Anyone could be forgiven for being unable to keep up with all the regulation changes coming from the Government in the past few months.
So between the mini-budget, u-turns and a new Prime Minister and Chancellor, what do landlords need to know about stamp duty changes?
The only tax cut to survive
Former Chancellor Kwasi Kwarteng's now infamous mini-Budget spooked the markets, saw the pound down to record lows against the dollar and sent mortgage rates soaring.
So, when his replacement Jeremy Hunt came in, he reversed almost everything straight away – only the stamp duty changes survived. This was mainly because they had already reached a stage in Parliament where it was too late to reverse and because, unlike nearly every other part of the fiscal address, the changes were widely welcomed.
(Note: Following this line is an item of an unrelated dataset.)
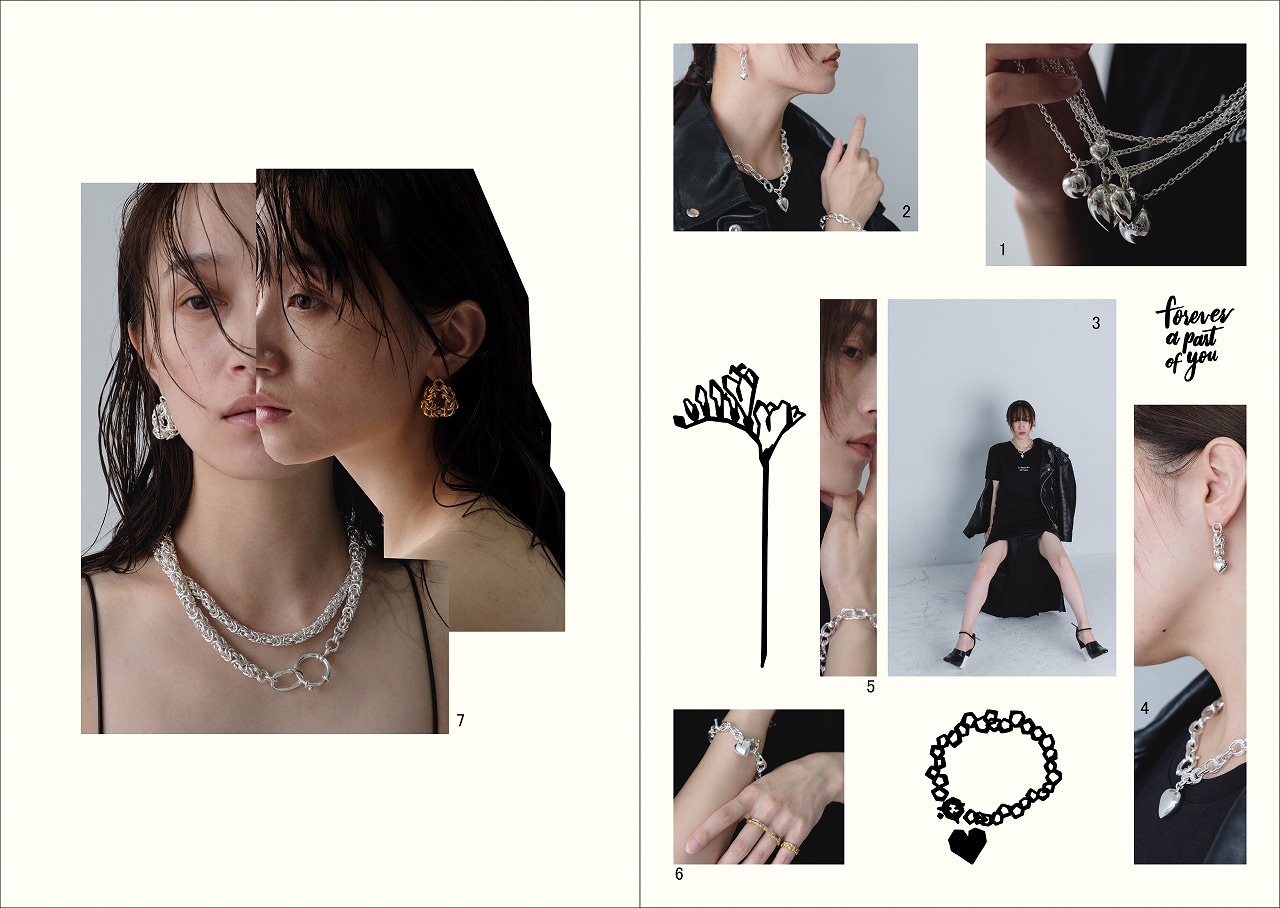 ハートやボール、Wring chainは中空構造をもちいたデザイン!ボリュームもありながら軽く、存在感のあるジュエリー。セットづかいがお勧めです。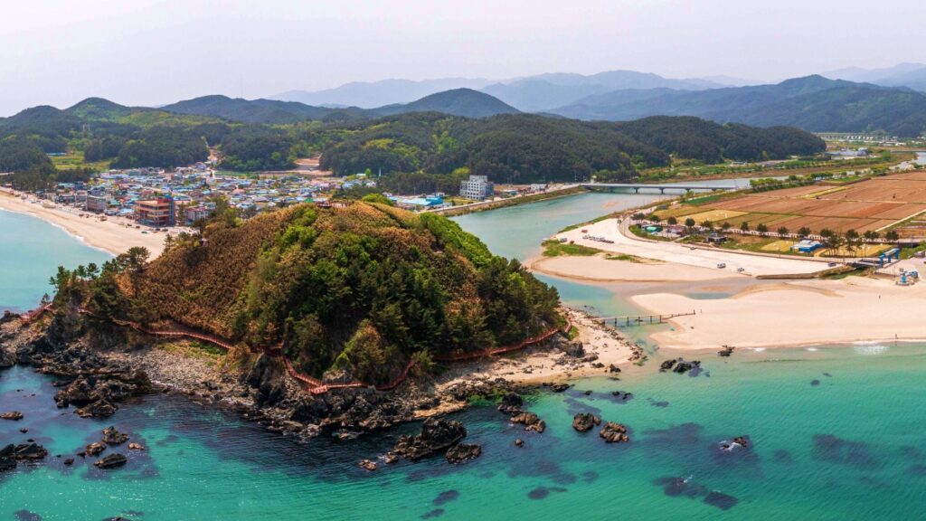 『해동여지도』와 『대동여지도』에도 기록된 이 지역은 원래 섬이었다가 모래 퇴적에 의해 육지와 연결된 육계도로, 지형적 독특함과 역사적 가치까지 함께 지닌 명소다.

As a result of the changes, the nil rate tax threshold was raised from £125,000 to £250,000, while the price at which first-time buyers now pay stamp duty was increased to £425,000 – up from £300,000 – so long as the home's overall cost is no greater than £625,000. This means that first-time buyers with an eye on more expensive first homes will likely pay no, or little stamp duty due to the changes.
At the time, the Government claimed that the cut would allow 200,000 more people to purchase a home every year without paying any stamp duty, equivalent to around 43% of all transactions.
It also said the cuts would reduce stamp duty bills across the board for all movers 'by up to £2,500 with first-time buyers able to access up to £11,250 in relief'.
What do the changes mean for landlords?
The stamp duty cut applies to landlords, too, although landlords must still pay the additional 3% stamp duty surcharge on any purchases they make.
Landlords eyeing up a relative bargain – under £250,000 – will now pay less stamp duty on this purchase, but for those purchasing properties over a quarter of a million, there will be no benefit from the changes.
Some have suggested that the stamp duty cut could help inflate house prices further, preventing landlords from expanding their portfolios. On the other hand, those landlords looking to sell could benefit from higher prices and higher demand brought about by the stamp duty changes.
However, recent events – which have seen interest rates rocket and mortgage rates with it – plus the cost-of-living crisis and other issues could negate any savings landlords could make due to the changes to stamp duty.
What about tenants looking to buy?
Renters looking to buy their first home may have been cheered by the news that they won't need to pay any stamp duty up to £425,000. While all first-time buyers were already exempt from paying stamp duty on homes worth up to £300,000 before the mini-Budget, this means first-time purchasers in more expensive areas like London and the South East will more than likely not need to pay any stamp duty tax on their first home.
They will, however, still face challenges when it comes to purchasing a first home in terms of cobbling together a large enough deposit. Meanwhile, mortgage rates have soared since the announcement of the mini-Budget, which means mortgage repayments will be more expensive monthly than they would've been before the mini-Budget. It may also be a lot harder to find favourable mortgage deals.
Future stamp duty changes
Stamp duty brings in a lot of money to the Treasury. In the third quarter of this year, stamp duty receipts on residential properties hit a record high, according to Government figures. They reached £3.59 billion, up 21% from the previous quarter.
In the year to September, receipts were more than £12 billion, 28% higher than their pre-pandemic 12-month high of £9.47 billion set in 2017.
In November's Autumn Statement, the Chancellor announced that the stamp duty cuts would end in March 2025. It is to remain in place until then due to expected slow activity in the market.
A big part of the stamp duty receipts come from those at the top end of the market and the buy-to-let and second home owners who must pay the extra 3% surcharge (the latter delivered £528 million to the Treasury in the 12 months to September). And the rates for these haven't changed.
Although there are forever calls for stamp duty to be scrapped completely, and some say the rates should be higher than they currently are, stamp duty has played a major role in a number of recent major fiscal addresses, so for the foreseeable future, the Government may focus on other priorities that will take precedence, so there shouldn't be any more changes for some time.